Earlier in the year, we shared that we’ve decided to pursue a “mindfulness birding” Maine Big Year in 2019, keeping track of the different species we identify (by sight or sound) in the state. We noted, you may recall, that people who compete in Big Years do so with the hope of breaking a record. They zip off as quickly as possible to try to see any and every rare bird species that shows up.
We are not in that category.
That’s why we’re calling ours a “mindfulness Big Year.” Of course, we’re keeping an eye on bird listserves, Facebook pages, and eBird, but since we can’t usually just drop whatever we’re doing to go try and find every wild thing with feathers, we work our species goals into other aspects of our lives. Recently, we looked for a White-fronted Goose as part of our trip to get our son sized for his prom tux. The fitting was a success; the birding piece, not so much, as we discovered the reported goose was actually a domesticated bird by the name of “Blackie.” Go ahead, say it: It was a wild goose chase.
We have, however, had success elsewhere so far in 2019. We’ve seen a fair share of rare or uncommon species. That includes the famous Great Black Hawk at Deering Oaks in Portland before, sadly, it succumbed to the harsh winter conditions that it was not suited to endure. The Canvasback in Damariscotta was a pleasure to observe earlier in the winter as was the Northern Shoveler in Freeport. But there were a number of other rare birds that we did not (read: could not) “chase,” as birders describe the pursuit to try to see a particular individual.
We had just seen our first-of-the-year Eastern Phoebes and Tree Swallows when snow rolled in, morphing our excitement about the spring arrivals into concern for these insect eaters. Despite several inches of the white stuff still sticking to the ground, winter really has slid into spring, and we recently took stock of the winter birds we will likely have to wait until next November or December to try to find. While we did see a number of winter visitor icy-plumaged Iceland Gulls (including a surprise one that landed briefly in front of us at a busy intersection in Topsham), we did not see its larger winter cousin, the Glaucous Gull.
A handful of Common Redpolls graced us with their presence at our backyard bird feeder this winter, and we had a wonderful encounter with a flock of gentle, unassuming Pine Grosbeaks (both visiting from their northern Canada breeding range) but despite our high hopes, we never did find any of the big-billed, yellow Evening Grosbeaks.
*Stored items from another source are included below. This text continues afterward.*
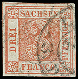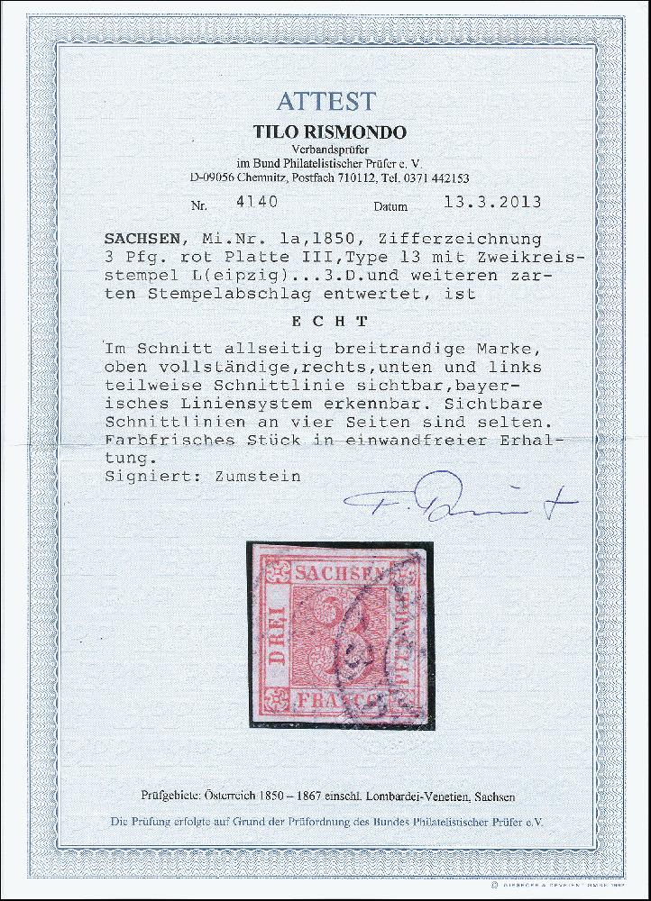 | Zusatzinformationen und Suchstichworte: | 373. Auktion Heinrich Köhler 23.-27. Juni 2020 Los 3021 3 Pfg. rot, Platte III, Type 13, farbfrisch und allseits breitrandig geschnitten, oben vollständige, rechtes, unten und links teilweise Schnittlinie sichtbar, bayerisches Liniensystem, sauber gestempelt "LEIPZIG", tadellos, ein schönes Stück, sign. Zumstein und Fotoattest Rismondo BPP (2013) (Mi. 8.500,-) Zuschlag 3.300,00 EUR |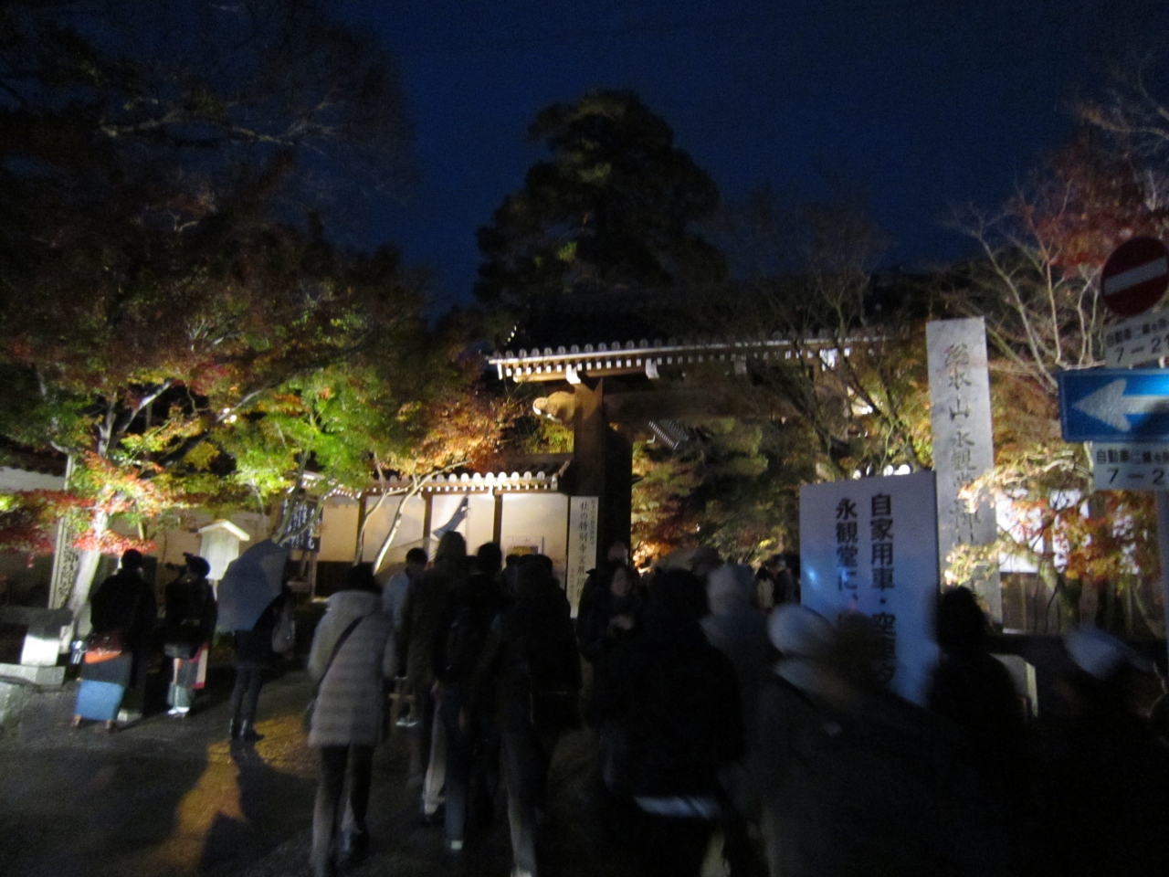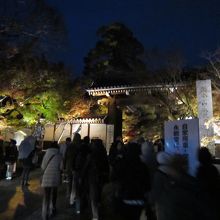夕方~夜にはライトアップの紅葉拝観が行われていて、某テーマパークのアトラクション待ち並の混雑で、入口にたどり着くまでには数百メートルの列になっていた。ただ、中はそれなりに広いので、入ってしまえばそこまで混雑しているという感じではないが、トイレなどは行列ができていた。混雑を避けたい人は注意をした方がいいと思う。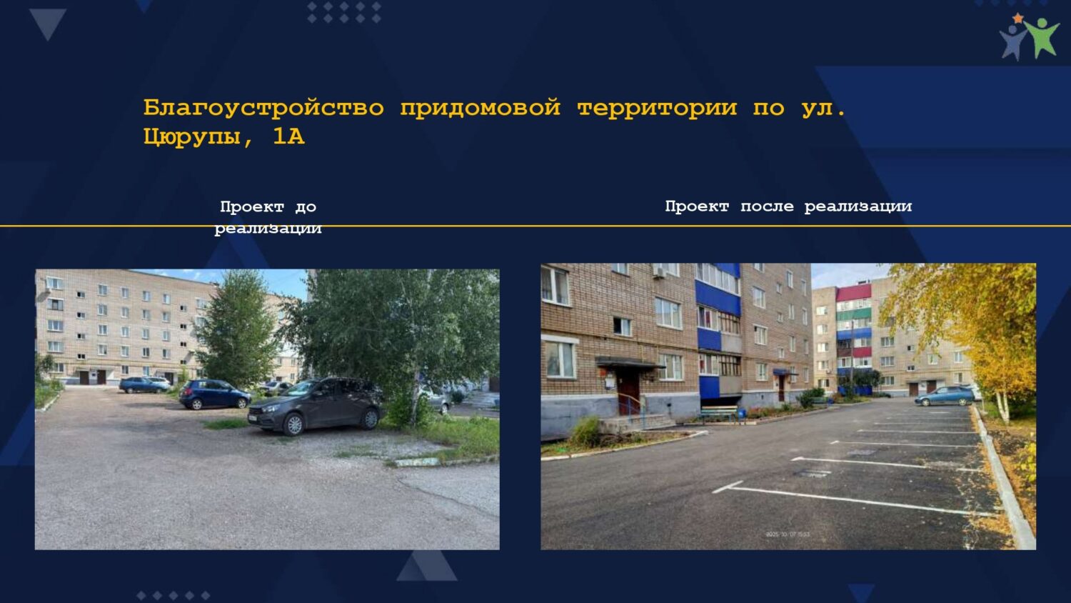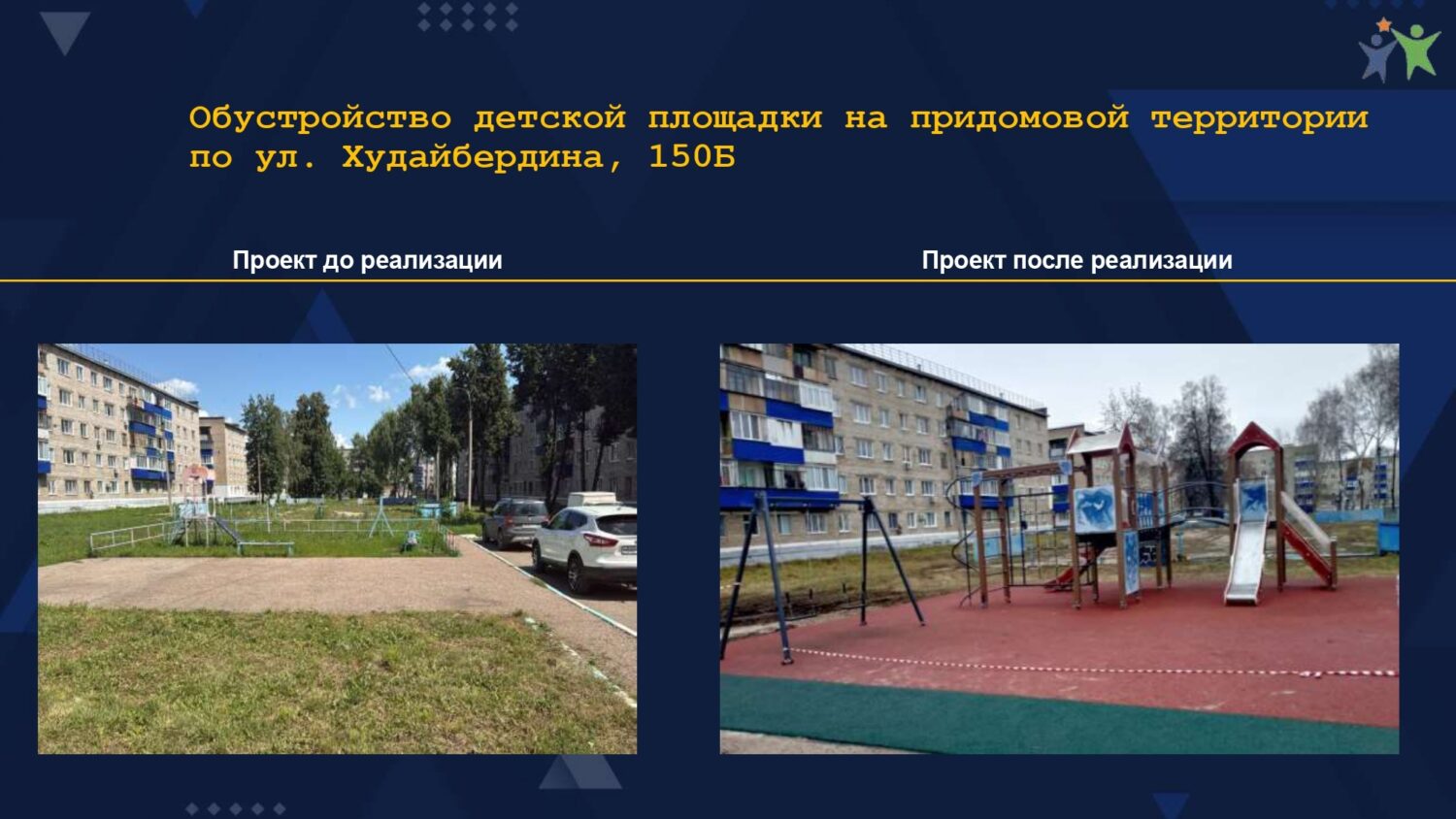 Также было благоустроено 8 придомовых территорий. Это участки по ул. Дружбы,31, пр. Октября, 85, ул. Элеваторной, 66, ул. Суворова, 10, ул. Цюрупы, 1А и 1Б, ул. Фурманова, 10Г и по ул. Якутова, 9В. По ул. Худайбердина, 150Б появилась новая детская площадка с резиновым покрытием.

A few do breed here and there in Maine, though, and a friend has recently reported some in his yard, so we haven’t completely given up on that and plan to make a run next time he texts us that they’re there.
Purple Sandpiper, the only sandpiper species that winters along the Maine coast in large numbers, was a big miss until the past weekend. Saturday’s warm, sunny weather offered too good an opportunity to pass up a visit to the Rockland Breakwater with our son and his girlfriend, who had never been there before (and where we knew we had a good chance of seeing the species). Success!
We had beautiful views of the “lords and ladies” of the duck world here this winter—Harlequin Ducks—on a trip to Two Lights State Park in Cape Elizabeth back in February. A handful of Barrow’s Goldeneyes blessed us and many other birders with close-up views at the Freeport town landing this winter as well. But we were not able to lay eyes on that other Maine winter waterfowl royalty, the King Eider—one was seen briefly in Wells, too briefly for our schedule. That one will probably now have to wait until late November or December.
We enjoyed the splendor of several Snowy Owls in early 2019. Some winters it can be difficult to find one. On the other hand, despite much scanning of open field edges and the tops of trees and bushes, we were not lucky enough to get even a glimpse of the very rare winter visitor owl, the Great Gray Owl. A note from a friend told us about one he’d seen that day in the Midcoast area, but a day off from the office to try to find it was a bust. No regrets—better to have gone looking for a Great Gray Owl and find it has already moved on than to never have checked and wonder if you missed an opportunity.
Now our focus is turning to the flood of spring arrivals that will soon jack up the number of species on our list (which has crept up over 90) to perhaps 150 or more. Just in the last few days we have added Northern Pintail and Green-winged Tail, and we’ve seen our first Osprey, Double-crested Cormorants, and Great Blue Heron of 2019. Other birders have reported Pine and Yellow-rumped Warblers. Yellow-bellied Sapsuckers, and Palm Warblers will be right along.
As spring continues to spring, we hope you, too, will be able take the time to enjoy the season, and, when you see a bird that holds the promise of spring and summer in Maine, that you will join us in being mindful!